The bin man takes out his mobile phone. ‘I can ring a locksmith if you like,’ he says. ‘He’ll come out in an emergency and if you give me your address he can meet us there.’
Pound signs flash through my brain but I’ve been meaning to change the locks every since Cheating Ratbag left. I nod.
He makes the call then goes to get his car. I watch over the railings as he removes his cap and steps out of his thick rubber boots. His overalls follow. He throws everything into the back of his nifty looking red Nissan and puts on trainers. He turns to wave and the earth stops spinning on its axis. Without his cap I see a mop of unruly brown curls above a tanned smiling face. In his t-shirt and jeans he looks different – stunningly different. I remind myself that I’ve sworn off men for life.
He parks his car alongside mine and transfers Darcy’s seat. She whines. He produces a packet of biscuits which he hands to me ‘I didn’t know if…’ he nods at Darcy who, seeing the biscuits has turned from a grizzling monster into a giggling flirt. I hand her one. She’s immediately placated.
On the way home I notice the smell of the dump has completely gone, replaced by a pleasant citrus tang. I notice his intelligent eyes are hazel flecked with gold and his smile is pure magic.

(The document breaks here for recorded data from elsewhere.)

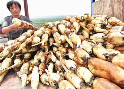 近日,国家级巢湖湿地农业综合利用示范区黄麓莲藕示范片里荷香四溢,工人们将刚采收的鲜藕装车外销
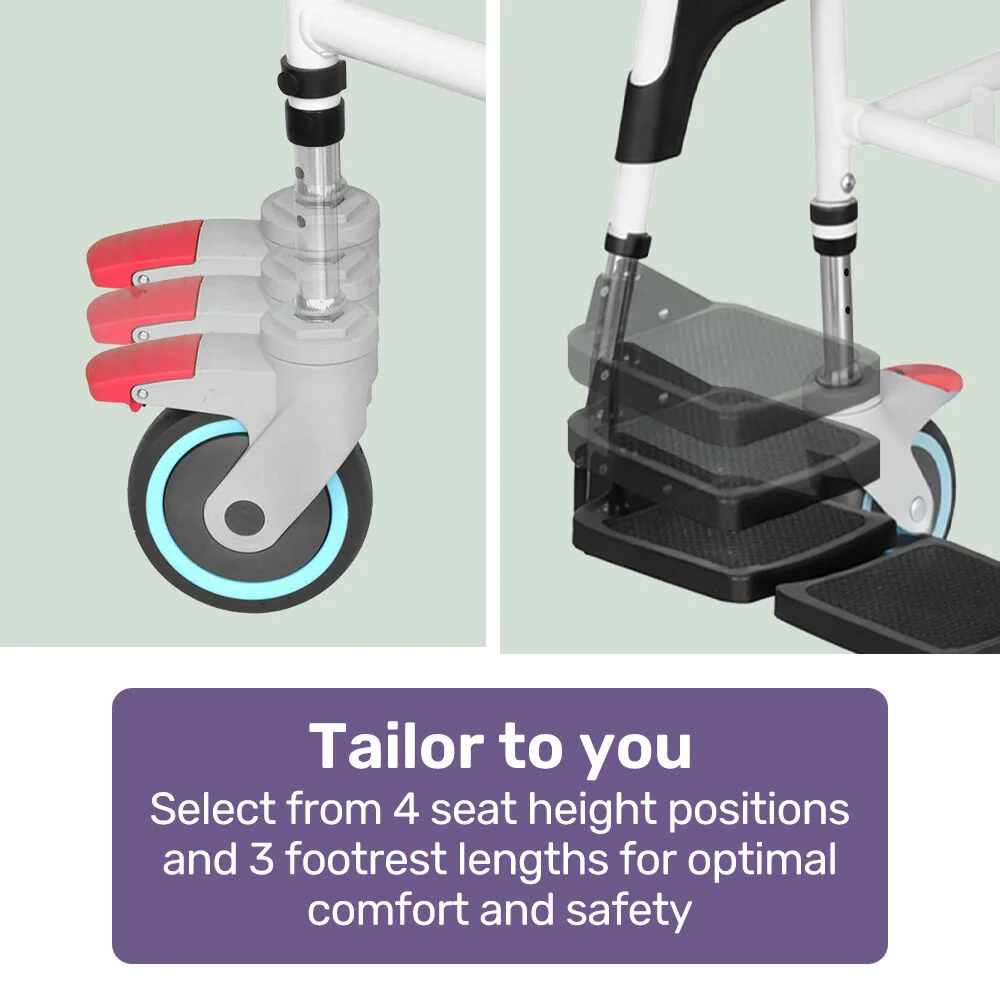 The Equipmed Rolling Commode Toilet Chair is an easy, convenient and practical way to accomplish all of your toileting needs with care and dignity, whether for you or a loved one.
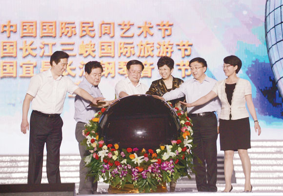 中国文联党组书记、副主席赵实,国家旅游局党组成员吴文学,中国文联副主席、中国音协分党组书记、驻会副主席徐沛东,重庆市副市长谭家玲,湖北省委副书记、省长王国生,湖北省委常委、宜昌市委书记黄楚平登台按动水晶球启动开幕式

‘I hope you won’t get into trouble leaving the job like this,’ I say.
‘No. It’s no trouble. I’m Tim by the way.’
‘Ali,’ I say.
‘Ali,’ he repeats softly. The way he says it makes my insides flutter and brings a warm glow to my cheeks. He glances at me and grins. ‘I’m not really a bin man,’ he says. ‘I work two days a week at the Civic Amenities Site while I’m studying for an MA.’
‘I never thought you were,’ I lie. ‘Anyway, nothing wrong with being on the bins. It’s a noble profession.’

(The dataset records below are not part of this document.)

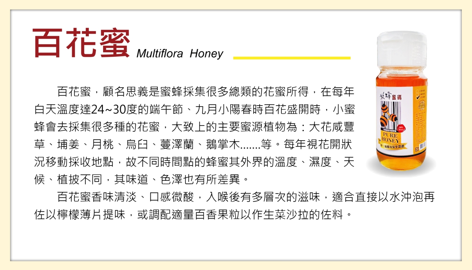 ★ 百花蜜口感酸甜、花香四溢
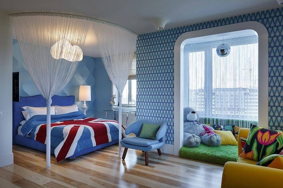 Легкий балдахин разграничивает спальную и игровую зоны в детской комнате.
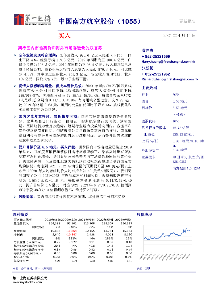 第一上海证券:中国南方航空股份(01055)港股公司研究报告-期待国内市场票价和海外市场客运量的双复苏.pdf

‘It is,’ he says. ‘Since I’ve been working there I’ve come to have tremendous respect for them. They do a difficult job with humour and commitment. You can’t ask for better than that.’
We arrive at my flat and half-an-hour and £150 later we’re on our way back to pick up my car.
‘What about you?’ he asks. ‘I didn’t see any sign of anyone else living at the flat. Is it just you and your daughter?’
‘She’s not my daughter,’ I say. ‘She’s my niece. I’m looking after her while my sister’s in hospital giving birth to Darcy’s little brother.’ I swear his face brightens.
‘So you’re –’
‘Foot loose and fancy free? Yup,’ I say. Even as I say it I feel a tinge of regret. This is not how I envisaged my life would be.
We arrive back at the site. I want to let him know how grateful I am. ‘You’ve been so helpful I guess I owe you a drink or something,’ I say.
‘Something would be good,’ he says with a speculative gleam in his eye.
I smile. He’s been kind and I feel completely at ease with him, but my heart is still bruised. I don’t want it broken again.
‘I was thinking more of a drink,’ I say fishing a tenner out of my bag and offering him to him.
He shakes his head. ‘I’ll only take a drink if you come and have one with me,’ he says.
My stomach knots. I swore I’d never get involved with anyone ever again.
It’s just a drink I tell myself and he’s not Jake. I write down my phone number and hand it to him. ‘Give me a ring next week,’ I say, ‘when Darcy’s back with her mum.’
He holds a giggling Darcy while I transfer the car seat. I’m kneeling in the back to strap it in and glance over into the boot. There, in the corner, nestling behind the rear light fitting, are the keys I thought I’d lost. I grin broadly as I realise they’ve been replaced and, like my bitter memories of the past, I no longer need them.